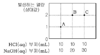 혼합 용액 A~C에 대한 설명으로 옳은 것만을 <보기>에서 있는 대로 고른 것은? (단, HCl(aq), NaOH(aq)의 처음 온도는 같다.) [3점]
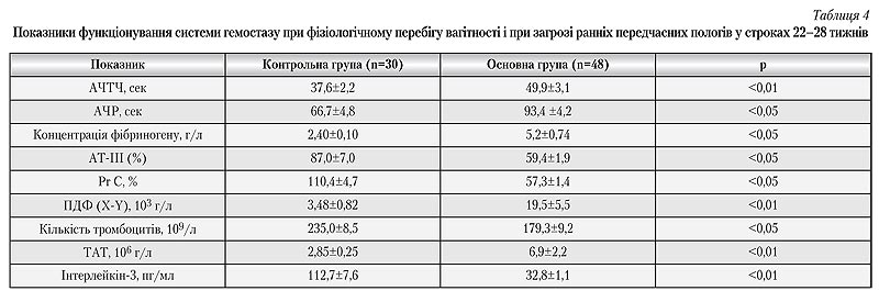 Аналіз отриманих клініко&лабораторних даних свідчить про значну частоту розвитку гемостазіологічних порушень у жінок із загрозою передчасного переривання вагітності. Найчастішими їх проявами були помірна тромбоцитопенія — 21 (45,7%) випадок, яка не супроводжувалася ознаками підвищеної кровоточивості, а також ангіопатія сітківки у кожної четвертої вагітної (12 випадків). Остання у більшості хворих була виявлена вперше, проявлялася в незначних змінах артерій очного дна і не супроводжувалася порушенням зору. Ці клінічні дані підтверджуються лабораторними показниками (табл. 4).
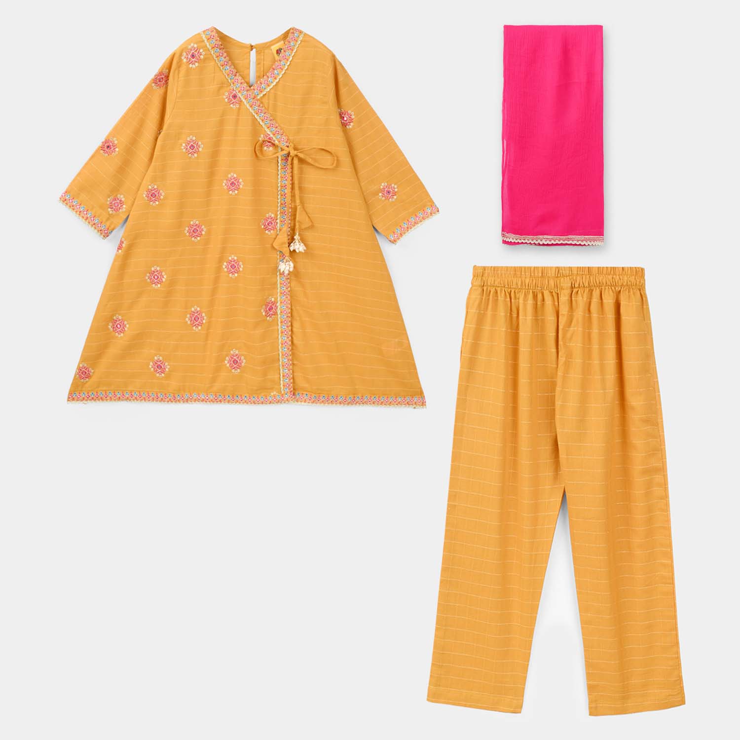 Girls’ dobby 3-piece set in mustard, featuring an anarkha-style embroidered shirt with dori detailing, full sleeves, matching bottoms, and a contrast pink dupatta. Perfect for festive and traditional occasions.

*Work item*.
Every word of the material above should be copied exactly; no pictures.

*Exercise output*.
 혼합 용액 A~C에 대한 설명으로 옳은 것만을 <보기>에서 있는 대로 고른 것은? (단, HCl(aq), NaOH(aq)의 처음 온도는 같다.) [3점]
 Аналіз отриманих клініко&лабораторних даних свідчить про значну частоту розвитку гемостазіологічних порушень у жінок із загрозою передчасного переривання вагітності. Найчастішими їх проявами були помірна тромбоцитопенія — 21 (45,7%) випадок, яка не супроводжувалася ознаками підвищеної кровоточивості, а також ангіопатія сітківки у кожної четвертої вагітної (12 випадків). Остання у більшості хворих була виявлена вперше, проявлялася в незначних змінах артерій очного дна і не супроводжувалася порушенням зору. Ці клінічні дані підтверджуються лабораторними показниками (табл. 4).
 Girls’ dobby 3-piece set in mustard, featuring an anarkha-style embroidered shirt with dori detailing, full sleeves, matching bottoms, and a contrast pink dupatta. Perfect for festive and traditional occasions.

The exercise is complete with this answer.